## Goal of the exercise
Give the data below again exactly, and drop each picture from it.

## Recorded information
┏━━
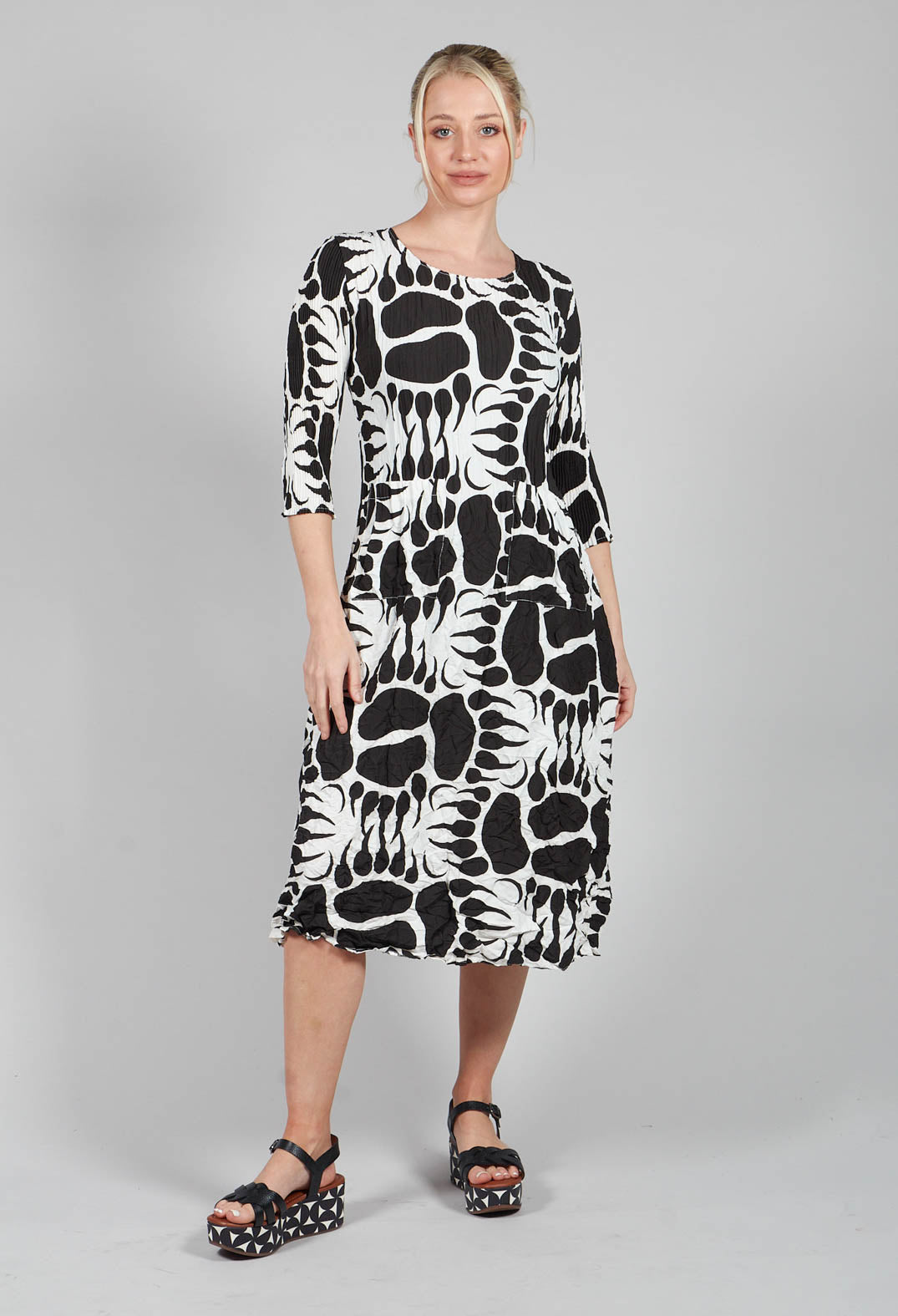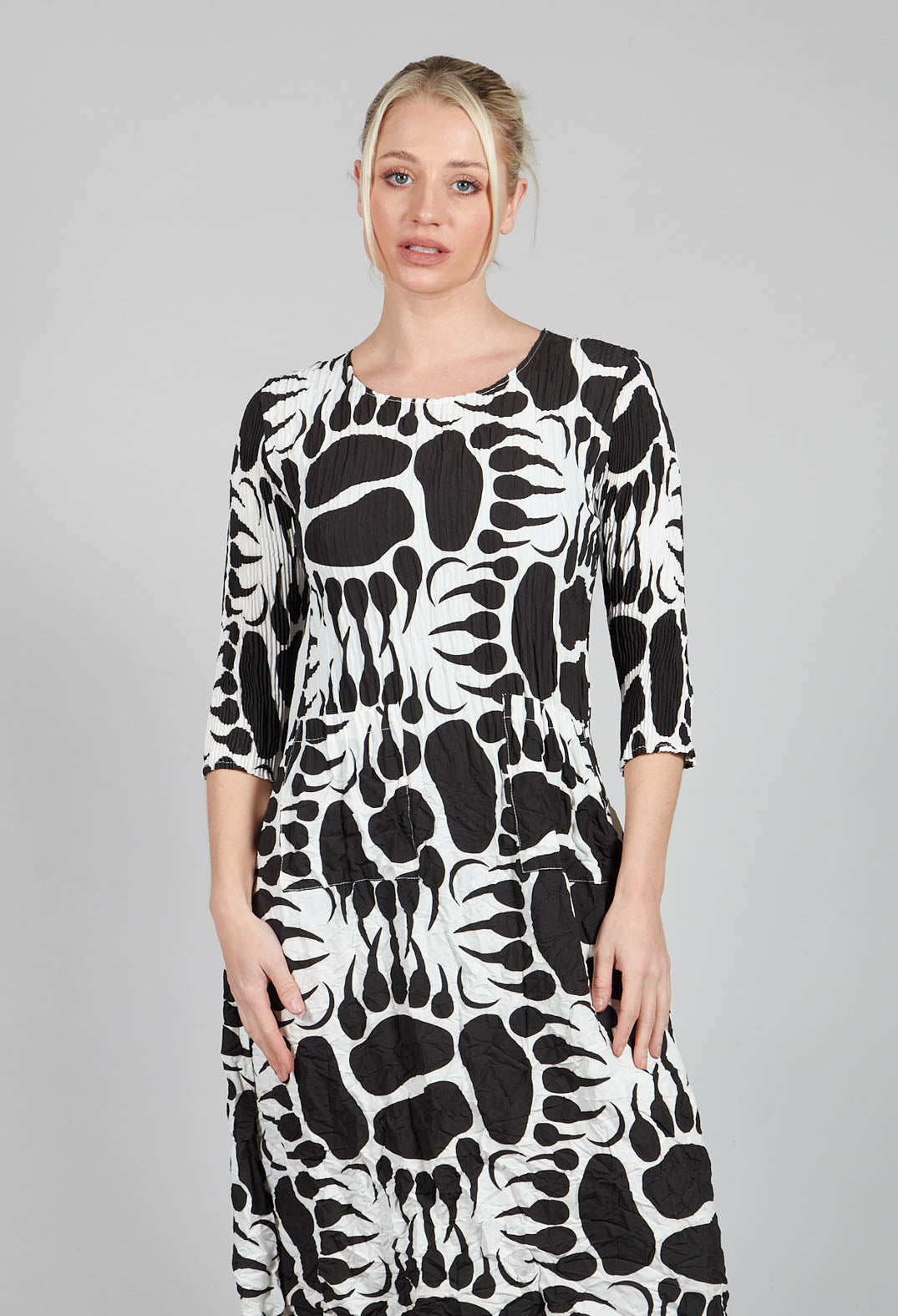 Three Quarter Sleeve Smash Dress in Black and White Moonbeam
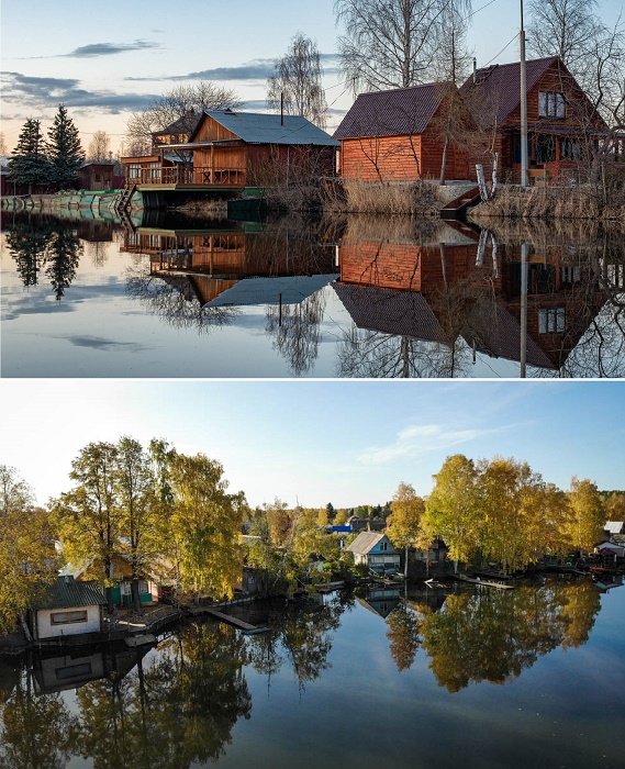 По сведениям редакции Novate.ru, дачи на крошечных клочках суши долее притягательны для любителей уединенного отдыха в окружении дикой природы, но в весенний период они страдают больше всего. Во время паводков участки подтапливает, вода поднимается на 1,5-2 метра, а иногда и выше, что становится настоящим бедствием. Весной 2016 года, например, очень много дачных домиков и вовсе ушли под воду, как и плодородный слой земли. Но такие катаклизмы не уменьшают количество желающих обзавестись домиком на воде с собственным пирсом/мостиком, к которому запросто можно пришвартоваться в весенне-осенний период или на утренней зорьке отправиться на рыбалку, не покидая дачный участок.
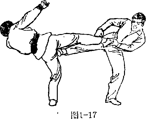 若对方起胭侧踢我小腹,我可顺他腿的起势,以我之右 膝由下往上与其小腿成交叉(图116),然后再顺其腿之下 方踹击他的裆部
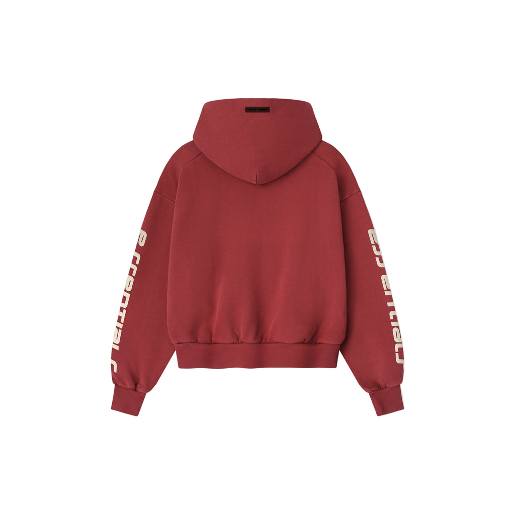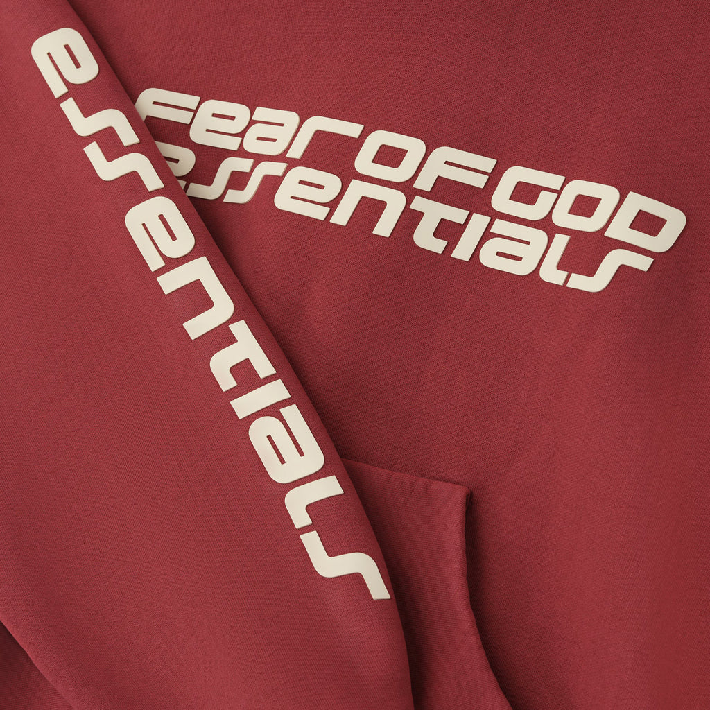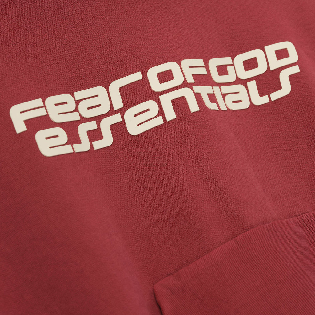 The Fear of God Essentials Women's Classic Hoodie in Crimson is made from heavyweight 520 GSM cotton fleece, with a relaxed, cropped fit and dropped shoulders. It features bold HD graphics, kangaroo pockets, rib-knit cuffs and hems, and a subtle Essentials label, for a comfortable, streetwear-ready look.
┗━━
## Task response
 Three Quarter Sleeve Smash Dress in Black and White Moonbeam
 По сведениям редакции Novate.ru, дачи на крошечных клочках суши долее притягательны для любителей уединенного отдыха в окружении дикой природы, но в весенний период они страдают больше всего. Во время паводков участки подтапливает, вода поднимается на 1,5-2 метра, а иногда и выше, что становится настоящим бедствием. Весной 2016 года, например, очень много дачных домиков и вовсе ушли под воду, как и плодородный слой земли. Но такие катаклизмы не уменьшают количество желающих обзавестись домиком на воде с собственным пирсом/мостиком, к которому запросто можно пришвартоваться в весенне-осенний период или на утренней зорьке отправиться на рыбалку, не покидая дачный участок.
 若对方起胭侧踢我小腹,我可顺他腿的起势,以我之右 膝由下往上与其小腿成交叉(图116),然后再顺其腿之下 方踹击他的裆部
 The Fear of God Essentials Women's Classic Hoodie in Crimson is made from heavyweight 520 GSM cotton fleece, with a relaxed, cropped fit and dropped shoulders. It features bold HD graphics, kangaroo pockets, rib-knit cuffs and hems, and a subtle Essentials label, for a comfortable, streetwear-ready look.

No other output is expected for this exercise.